In [1]:
import numpy as np
import torch
import faiss
from sentence_transformers import SentenceTransformer
from transformers import BertTokenizer

In [2]:
# Check if MPS is available and set the device accordingly
device = torch.device("cpu")

In [3]:
# Load the custom tokenizer
tokenizer_dir = "archive/custom_tokenizer"  # Path to the saved tokenizer directory
custom_tokenizer = BertTokenizer.from_pretrained(tokenizer_dir)

In [4]:
# Load the pre-trained Sentence-BERT model
model = SentenceTransformer('sentence-transformers/all-mpnet-base-v2')

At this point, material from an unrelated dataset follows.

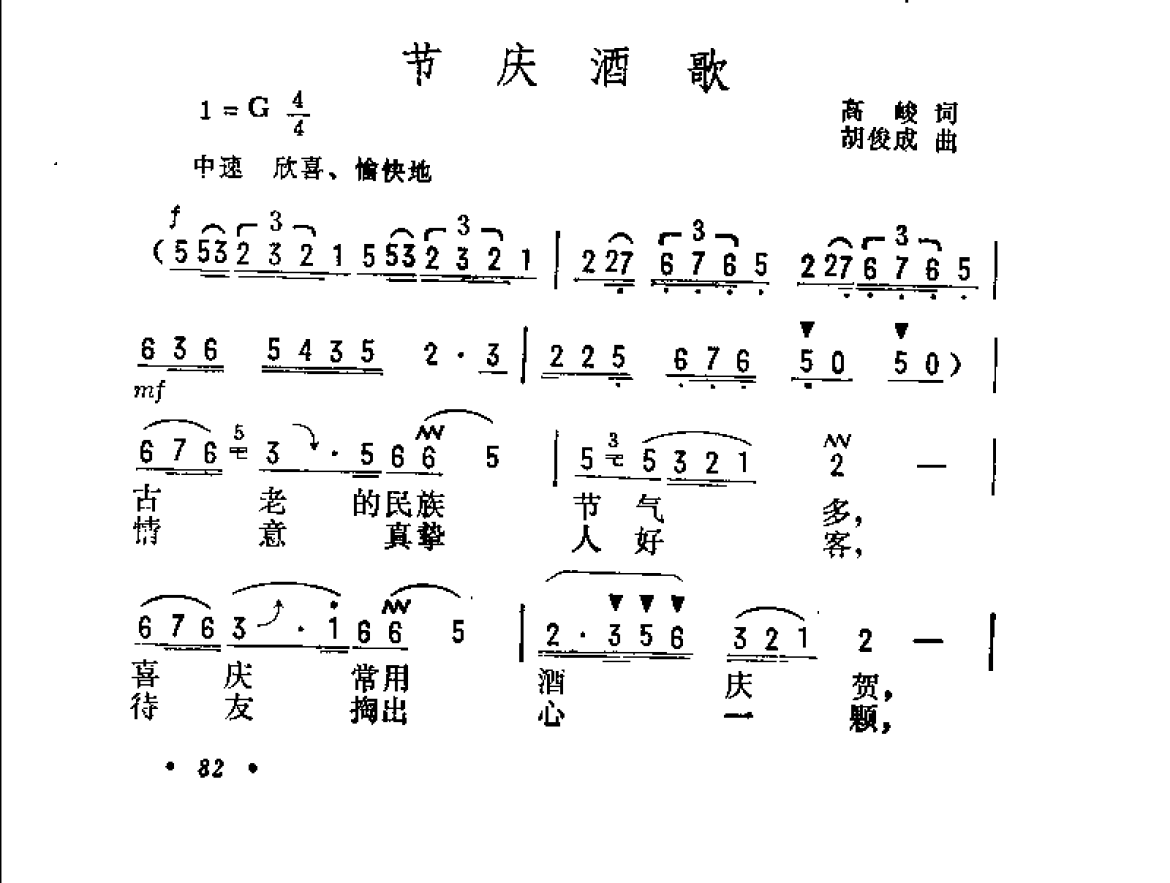 抒情歌曲简谱:节庆酒歌 高峻词 胡俊成曲

# Replace the default tokenizer with the custom tokenizer
model.tokenizer = custom_tokenizer

In [5]:
# Query and document examples
query = "Donald Trump recently visited the UK."
documents = [
    "The President of the United States visited the UK.",
    "The UK was visited by the President of the United States.",
    "ONU congress decides to ban nuclear weapons.",
    "The sky is blue.",
    "The sun is shining.",
    "Recipe for a delicious cake."
]

# Generate embeddings for documents and query
doc_embeddings = model.encode(documents)
query_embedding = model.encode([query])

# Normalize embeddings
doc_embeddings = doc_embeddings / np.linalg.norm(doc_embeddings, axis=1, keepdims=True)
query_embedding = query_embedding / np.linalg.norm(query_embedding, axis=1, keepdims=True)

# Create FAISS index
dimension = doc_embeddings.shape[1]
index = faiss.IndexFlatIP(dimension)
index.add(np.array(doc_embeddings))

# Search for the most similar documents
k = len(documents)
distances, indices = index.search(np.array(query_embedding), k)

# Display results
for i, idx in enumerate(indices[0]):
    fragment = documents[idx]
    score = distances[0][i]
    print(f"Fragment: {fragment}\nGrad de similitudine: {score:.2f}")


Fragment: The sky is blue.
Grad de similitudine: 0.98
Fragment: The sun is shining.
Grad de similitudine: 0.58
Fragment: ONU congress decides to ban nuclear weapons.
Grad de similitudine: 0.55
Fragment: Recipe for a delicious cake.
Grad de similitudine: 0.47
Fragment: The President of the United States visited the UK.
Grad de similitudine: 0.43
Fragment: The UK was visited by the President of the United States.
Grad de similitudine: 0.39